Output, word for word, the lines of this listing that fall between the line with "- عرض المنتجات وإدارتها (واجهة فقط)" and the line with "Rosyjskojęzyczny rozkład jazdy", counting both of those lines, and no others.

Records provided ▸
####################

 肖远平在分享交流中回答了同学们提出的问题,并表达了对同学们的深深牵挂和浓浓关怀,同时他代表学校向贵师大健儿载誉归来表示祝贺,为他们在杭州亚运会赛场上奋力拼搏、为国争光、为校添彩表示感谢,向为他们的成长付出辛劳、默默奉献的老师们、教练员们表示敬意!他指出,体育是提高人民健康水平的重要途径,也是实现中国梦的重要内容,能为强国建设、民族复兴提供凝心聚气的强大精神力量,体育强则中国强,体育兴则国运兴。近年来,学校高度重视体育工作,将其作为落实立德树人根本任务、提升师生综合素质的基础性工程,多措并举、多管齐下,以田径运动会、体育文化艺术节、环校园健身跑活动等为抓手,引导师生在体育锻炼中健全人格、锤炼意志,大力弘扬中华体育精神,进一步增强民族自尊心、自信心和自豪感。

####################

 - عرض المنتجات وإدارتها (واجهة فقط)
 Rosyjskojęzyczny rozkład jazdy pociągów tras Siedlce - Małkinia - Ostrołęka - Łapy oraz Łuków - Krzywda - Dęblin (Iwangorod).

####################

Problem solution ▸
 - عرض المنتجات وإدارتها (واجهة فقط)
 Rosyjskojęzyczny rozkład jazdy pociągów tras Siedlce - Małkinia - Ostrołęka - Łapy oraz Łuków - Krzywda - Dęblin (Iwangorod).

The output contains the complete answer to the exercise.